Steps: sample prep → DNA extraction → amplification + oligonucleotide/chip design → fluorescent labeling → hybridization/wash → signal scanning.
Can detect small deletions and point mutations, not just chromosomal-level changes.
Why is diagnosis of Turner Syndrome often delayed if not made prenatally?
Many features (short stature, subtle facial differences) are not alarming in early childhood and may be attributed to normal variation.
Ovarian failure and infertility only become apparent at puberty when periods don't start → a major trigger for adolescent diagnosis.
Lack of awareness among general practitioners means TS may not be considered until specialist referral.
Mosaic TS can present even more mildly, further delaying recognition.
What reproductive effects can occur if Turner Syndrome is not found early enough?

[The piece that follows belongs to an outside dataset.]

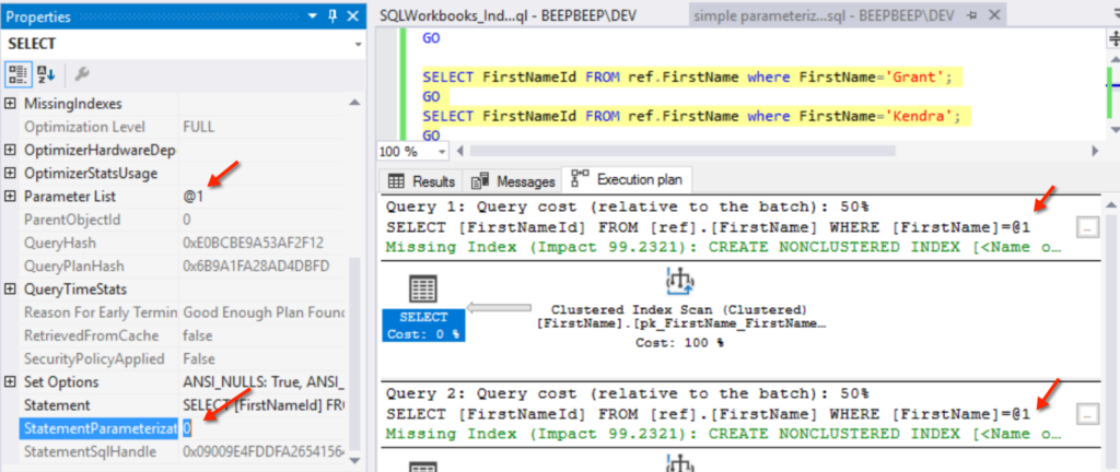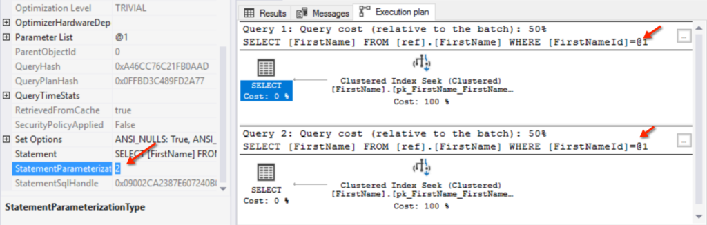 Just because I see an @1 being substituted in for a literal value in that text hint at the top of a plan doesn’t mean that simple parameterization has actually happened.
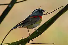 The collared bush robin or Johnstone's robin[3] (Tarsiger johnstoniae) is a species of bird in the family Muscicapidae. It is endemic to Taiwan, living in montane and subalpine forests. The International Union for Conservation of Nature (IUCN) has assessed it as a least-concern species.

Without early hormone intervention, the ovaries remain as non-functional streak ovaries → permanent infertility in most cases.
Estrogen deficiency means puberty does not occur naturally → uterine underdevelopment, reducing even the potential for assisted reproduction (e.g., egg donation/IVF).
Early diagnosis allows for fertility preservation counseling and timely hormone replacement to support uterine development before the window closes.
Why is Turner Syndrome treatment focused on symptom management rather than a cure?
The condition is chromosomal, present in every cell of the body, making it impossible to "correct" with current technology
Gene therapy capable of restoring an entire chromosome to trillions of cells does not yet exist.
Each patient's phenotype varies (especially in mosaic TS), so treatment must be individualized to the symptoms that are actually present.
Management goals are quality of life: normal puberty, bone health, cardiovascular monitoring, and fertility options where possible.